|
Research
Doug Baynton has a joint appointment in the Department of History and the Department of Speech Pathology and Audiology. Doug's primary interest is the history of disability in the United States. His research and teaching explore how the cultural meanings of disabilities have changed over time, with particular interest in how the concept of disability can shed light on our understanding of such topics as nativism, eugenics, racial stereotyping, gender roles, and ideas of progress and decline, civilization and nature.
Doug Baynton's first book, Forbidden Signs: American Culture and the Campaign against Sign Language (1996), has become one of the defining books in the field of disability history, widely reviewed in both academic and general interest publications. He is the author of numerous articles on the history of disability and is currently writing a book on the concept of "defective persons" in the making of American immigration policy since the late nineteenth century.

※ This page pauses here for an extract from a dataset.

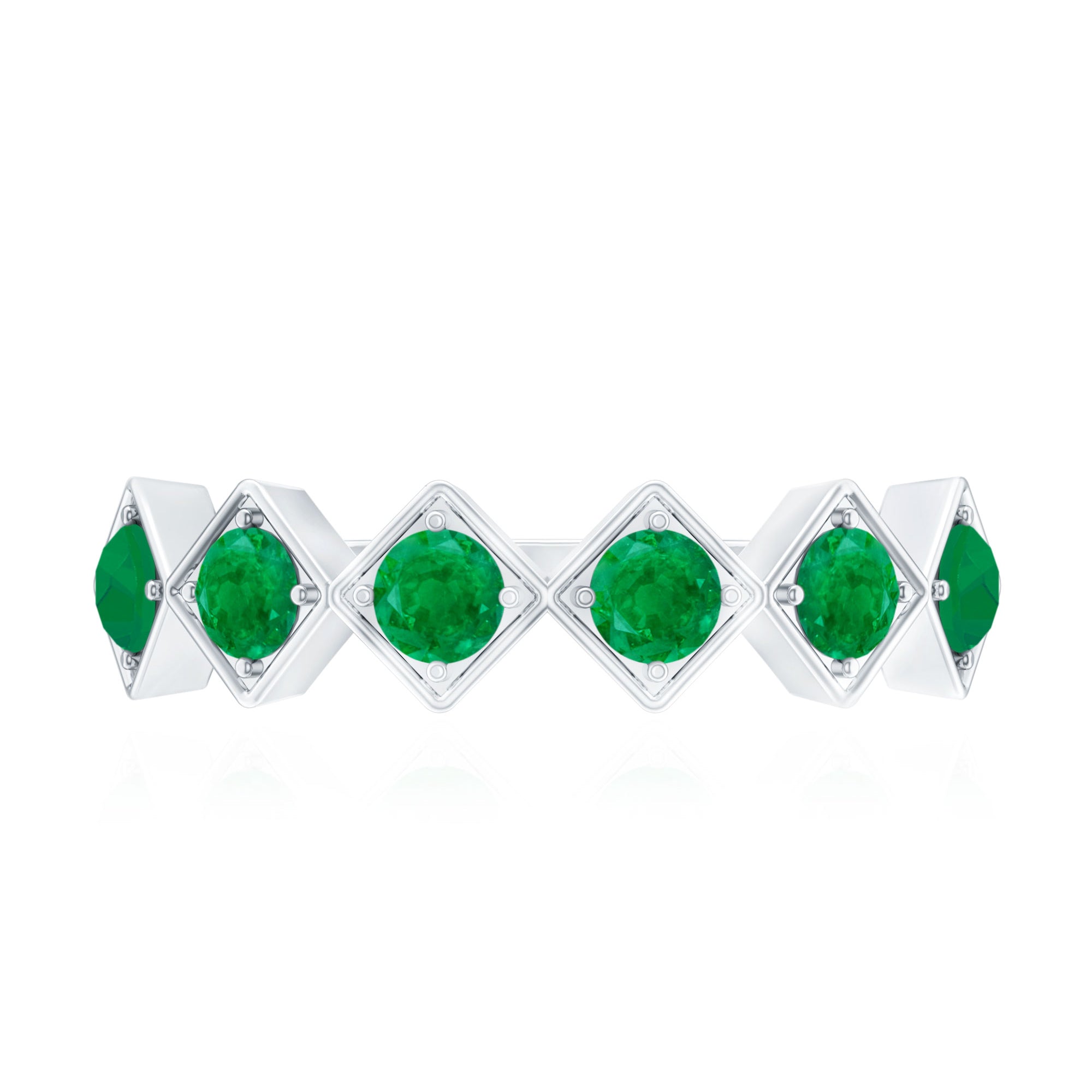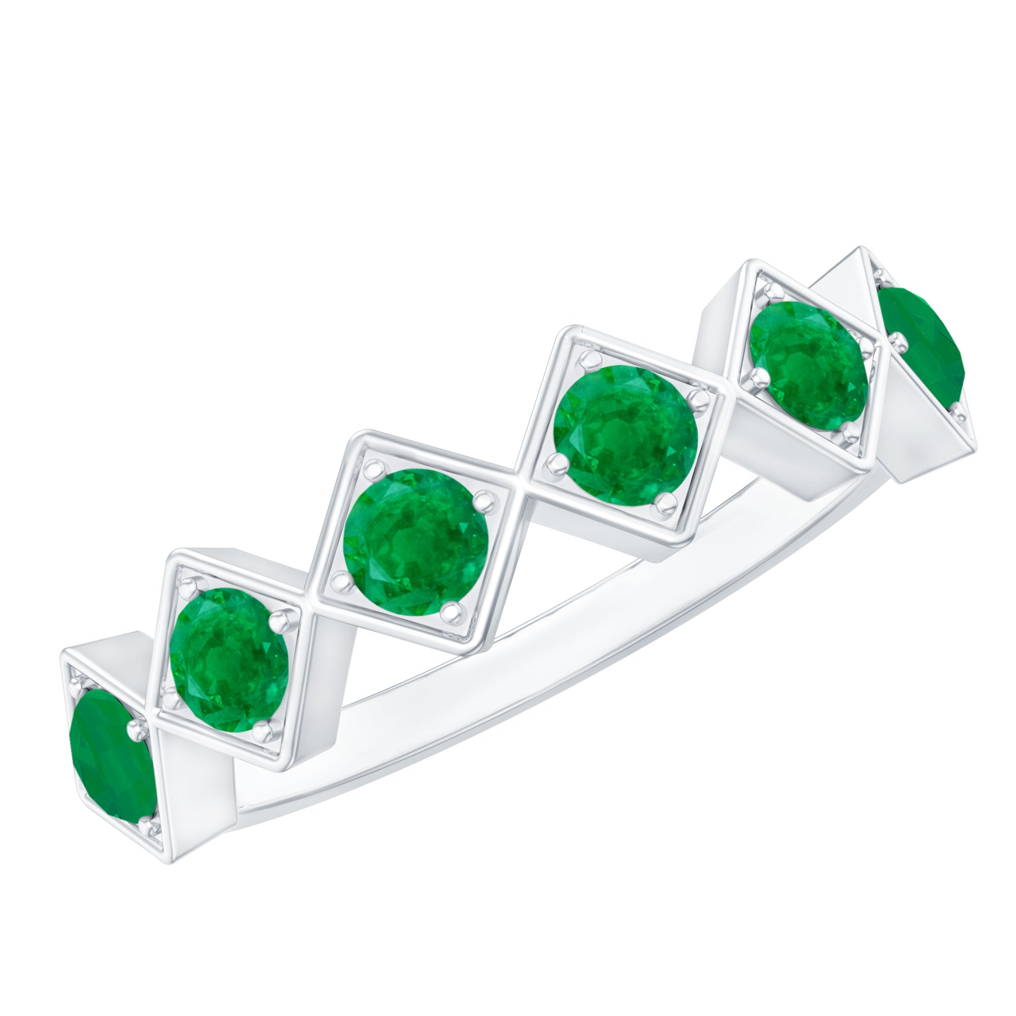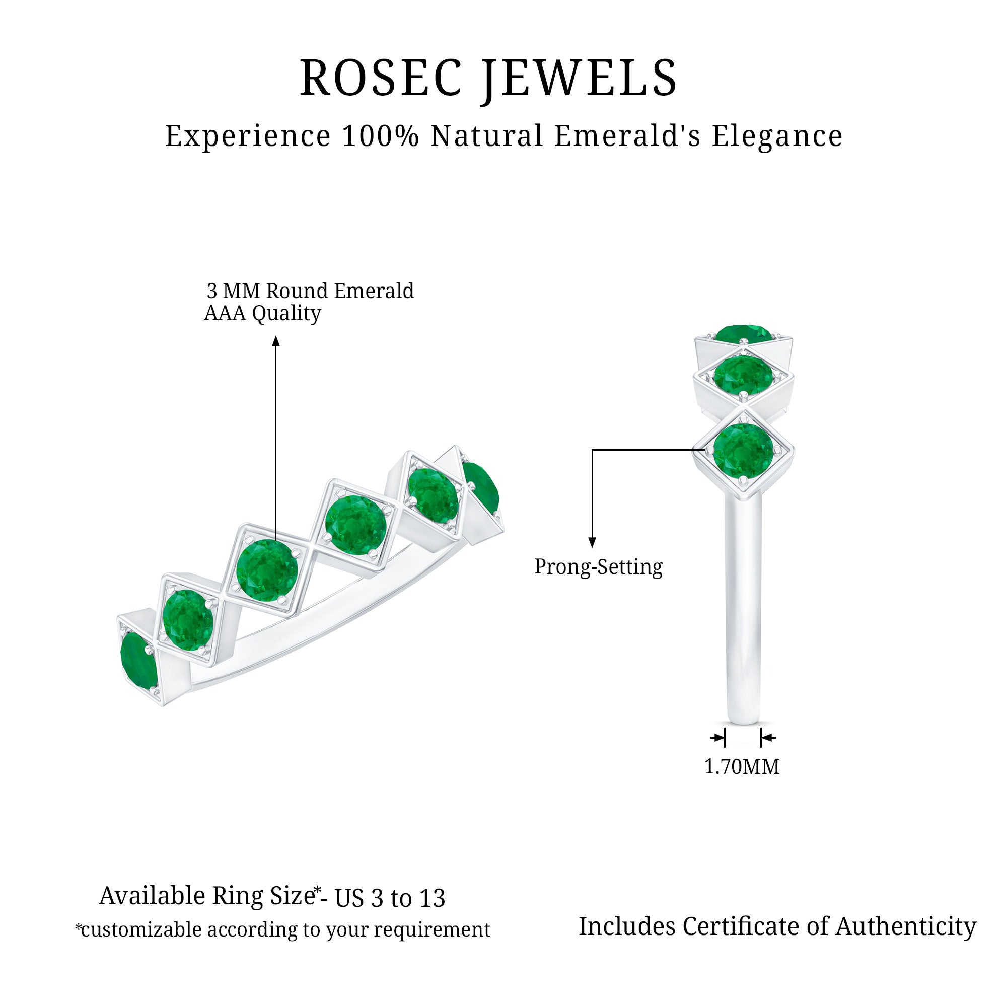 Celebrate those special moments in life with this lasting Emerald Eternity Ring, which offers a modern twist on a classic design. With its brilliant sparkle, this Half Eternity Wedding Band provides an exceptional look. Its geometric shape gives the Emerald Wedding Band a refined charm, featuring a simple design that maximizes sparkle while keeping a minimalistic appearance. Adorned with Round Shape Emeralds set in Prong Setting arranged in square patterns, it showcases a geometric design. The minimalist style and design symbolize everlasting love, resonating with contemporary elegance. Declare your love with this Emerald Anniversary Ring, representing faithful and eternal commitment, as its generous design remains timeless and unaffected by trends. With its straightforward design, this Emerald Stackable Ring is ideal for brides who prefer a simple and non-flashy accessory. Wear it solo or stack it with other rings for added flair.

Doug serves on the Editorial Board of Sign Language Studies. He has served as a consultant to public television (PBS) for a documentary, "History Through Deaf Eyes" and to National Public Radio for its broadcast, "Beyond Affliction: The Disability History Project." Doug served as a consultant to the National Museum of American History for the "BodyWorks" exhibit in 1998 and on the planning committee for the Museum's "Exhibiting Disability" conference in 1999.
Doug Baynton received his PhD from the University of Iowa in 1993.